ByteMatcher : a tool for semantic equivalence of bytecode through symbolic execution

Automated analysis of computer programs is a powerful tool in the arsenal of software developers. In the last decades, researchers presented numerous techniques to extract useful information from software. Some examples are tools to generate high-coverage tests, analyze execution flows to find unreachable code or detect vulnerabilities from known patterns. Nevertheless, being able to check whether two pieces of code are semantically equivalent is still an open challenge. This thesis presents ByteMatcher, a tool that employs the dynamic analysis technique known as symbolic execution to decide on the semantic equivalence of two bytecodes (fragments of compiled programs). This problem is generally undecidable, however it becomes solvable when faced under specific assumptions. ByteMatcher implements state-of-the-art approaches to face the four main challenges of symbolic execution: symbolic memory accesses, environment interactions, state space explosion, and symbolic constraints resolution.

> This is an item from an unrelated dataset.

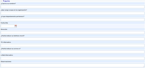 This section allows the user to answer those questions that have been defined in the 'Settings/Survey Models' section and configured in the 'Management/Survey Configuration' section, where it is established based on which model the employee survey is generated.
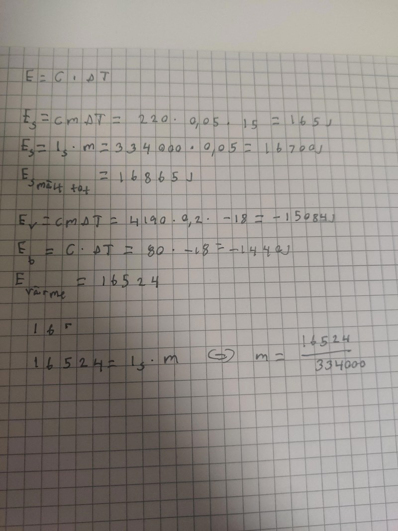 Avgiven värme när vatten + bägare svalnar från 18oC till temperaturen T = upptagen värme när isen värmst från -15oC till 0oC, när isen smälter och när smältvattnet värms från 0oC till temperaturen T.

The most innovative contribution of this work is a technique that allows developers to compare the results of the execution of two bytecodes to know whether they are semantically equivalent. Developers have complete control over the sensitivity of ByteMatcher and can choose among four levels of equivalence to affect how the algorithm performs the comparison. On top of that, ByteMatcher can detect (possible) buffer overflow vulnerabilities by analyzing patterns in memory accesses during the symbolic execution of a bytecode. ByteMatcher was tested on bytecodes sampled from real-world programs. In particular, to validate the ability to detect semantic equivalence, ByteMatcher performed more than 160 000 comparisons extracted from 431 GitHub repositories. ByteMatcher can distinguish between equivalent and non-equivalent bytecodes with 81.16% of accuracy and 78.71% of F1-score. To test the functionality of buffer overflow detection, ByteMatcher executed more than 20 000 bytecodes sampled from the 116 challenge binaries of the DARPA’s CGC qualifying event. This experiment showed that ByteMatcher can detect 5 different types of vulnerabilities (according to the CWE standard), providing predictions with 66.38% of accuracy and 65.49% of F1-score.

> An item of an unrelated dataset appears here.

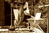 Pretty girl sitting on balcony terrace wrapped in yellow plaid holding cup of tea coffee, looking at laptop. Brunette woman works remotely, reading online. Countryside house. Wood at sunny autumn day.
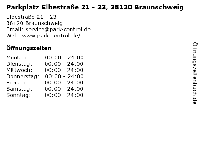 | Öffnungszeiten Parkplatz Elbestraße 21 - 23, 38120 Braunschweig in Braunschweig anzeigen | |

L’analisi automatizzata di programmi informatici è un potente strumento nell’arsenale degli sviluppatori software. Negli ultimi decenni, i ricercatori hanno presentato numerose tecniche per estrarre informazioni utili dai software. Alcuni esempi sono strumenti per generare test ad alta copertura, analizzare flussi di esecuzione per trovare codice irraggiungibile o rilevare vulnerabilità a partire da pattern noti. Tuttavia, essere in grado di verificare se due codici sono semanticamente equivalenti è ancora una sfida aperta. Questa tesi presenta ByteMatcher, uno strumento che impiega la tecnica di analisi dinamica nota come esecuzione simbolica per decidere l’equivalenza di due bytecode (frammenti di programmi compilati). Questo problema è generalmente indecidibile, tuttavia diventa risolvibile se affrontato sotto ipotesi specifiche. Questo strumento implementa approcci all’avanguardia per affrontare le quattro sfide principali dell’esecuzione simbolica: accessi simbolici alla memoria, interazioni con l’ambiente, esplosione dello spazio degli stati e risoluzione dei vincoli simbolici. Il contributo più innovativo di questa tesi è una tecnica che consente agli sviluppatori di confrontare i risultati dell’esecuzione di due bytecode per sapere se sono equivalenti. Gli sviluppatori hanno il completo controllo sulla sensibilità di ByteMatcher e possono scegliere tra quattro livelli di equivalenza per influenzare il modo in cui l’algoritmo esegue il confronto. Inoltre, ByteMatcher può rilevare (possibili) vulnerabilità di buffer overflow analizzando i pattern negli accessi in memoria durante l’esecuzione simbolica di un bytecode. ByteMatcher è stato testato su bytecode campionati da programmi reali. In particolare, per convalidare la capacità di rilevare l’equivalenza semantica, ByteMatcher ha eseguito più di 160 000 confronti generati da 431 repository GitHub. ByteMatcher può distinguere tra bytecode equivalenti e non equivalenti con 81.16% di accuratezza e 78.71% di F1-score. Per testare la funzionalità di rilevamento dei buffer overflow, ByteMatcher ha eseguito più di 20 000 bytecode presi dai binari della fase di qualifica del CGC organizzato dalla DARPA. Questo esperimento ha dimostrato che ByteMatcher può rilevare 5 diversi tipi di vulnerabilità (secondo lo standard CWE), fornendo previsioni con 66.38% di accuratezza e 65.49% di F1-score.